Your job is to print, exactly, the lines in the data below from the line with "കോണ്‍ഗ്രസ് ‘തെമ്മാടികള്‍’ 130" through the line with "Tous les 12", both included, and to omit any picture.

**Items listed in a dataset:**
--------------------------------------------------

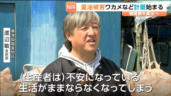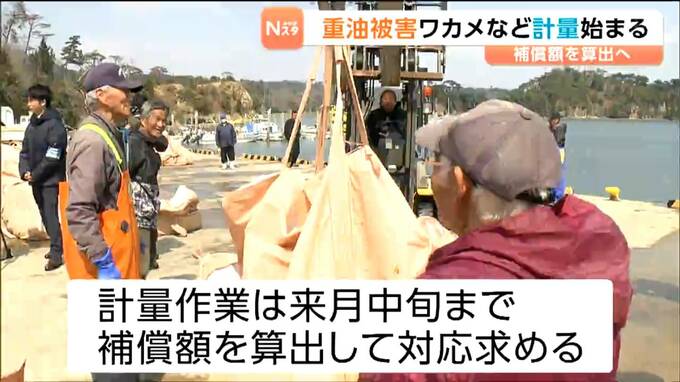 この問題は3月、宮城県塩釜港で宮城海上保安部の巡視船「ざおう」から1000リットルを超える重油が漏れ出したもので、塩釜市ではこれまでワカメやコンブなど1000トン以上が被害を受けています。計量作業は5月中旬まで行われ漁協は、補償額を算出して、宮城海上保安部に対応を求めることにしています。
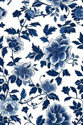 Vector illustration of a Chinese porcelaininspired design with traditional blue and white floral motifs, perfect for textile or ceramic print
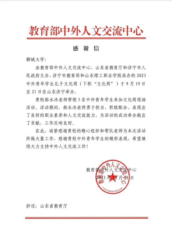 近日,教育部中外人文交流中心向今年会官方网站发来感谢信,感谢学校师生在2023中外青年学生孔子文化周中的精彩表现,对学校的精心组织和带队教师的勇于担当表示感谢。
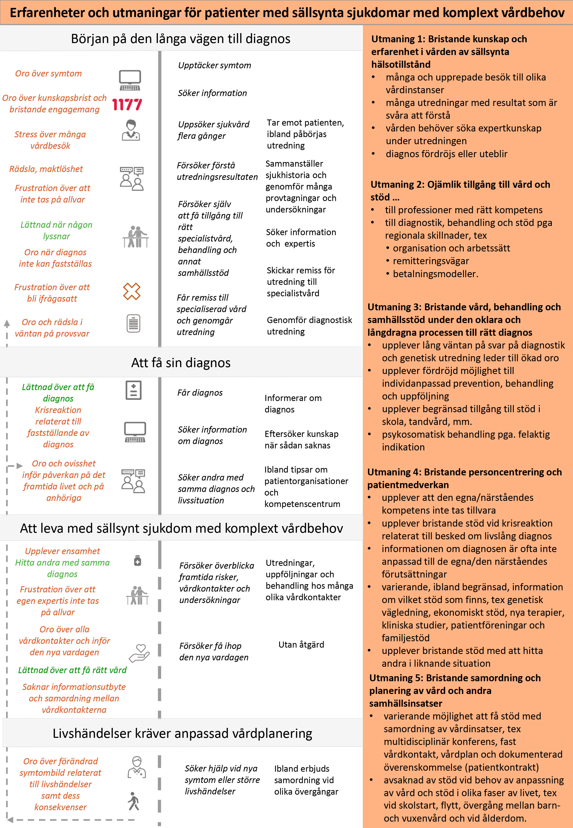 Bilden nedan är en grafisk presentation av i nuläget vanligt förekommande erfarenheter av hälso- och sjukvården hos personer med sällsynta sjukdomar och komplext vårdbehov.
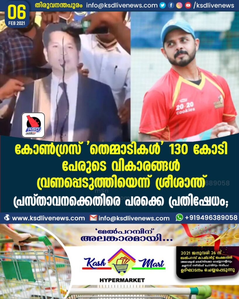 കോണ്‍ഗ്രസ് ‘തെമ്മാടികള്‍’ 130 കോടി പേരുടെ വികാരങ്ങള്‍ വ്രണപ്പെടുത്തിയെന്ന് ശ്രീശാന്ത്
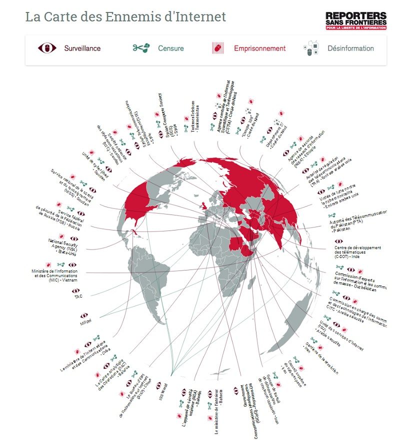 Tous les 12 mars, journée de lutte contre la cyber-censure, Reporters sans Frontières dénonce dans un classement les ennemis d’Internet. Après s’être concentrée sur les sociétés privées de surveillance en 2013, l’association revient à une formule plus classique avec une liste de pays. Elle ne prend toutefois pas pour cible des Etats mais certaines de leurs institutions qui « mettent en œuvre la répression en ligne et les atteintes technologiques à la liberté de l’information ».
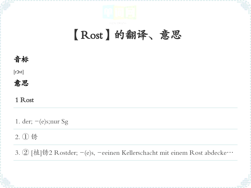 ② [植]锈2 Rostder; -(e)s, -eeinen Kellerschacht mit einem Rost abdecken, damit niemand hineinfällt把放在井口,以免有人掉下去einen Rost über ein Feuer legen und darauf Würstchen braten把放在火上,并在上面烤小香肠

--------------------------------------------------

**Solution:**
 കോണ്‍ഗ്രസ് ‘തെമ്മാടികള്‍’ 130 കോടി പേരുടെ വികാരങ്ങള്‍ വ്രണപ്പെടുത്തിയെന്ന് ശ്രീശാന്ത്
 Tous les 12 mars, journée de lutte contre la cyber-censure, Reporters sans Frontières dénonce dans un classement les ennemis d’Internet. Après s’être concentrée sur les sociétés privées de surveillance en 2013, l’association revient à une formule plus classique avec une liste de pays. Elle ne prend toutefois pas pour cible des Etats mais certaines de leurs institutions qui « mettent en œuvre la répression en ligne et les atteintes technologiques à la liberté de l’information ».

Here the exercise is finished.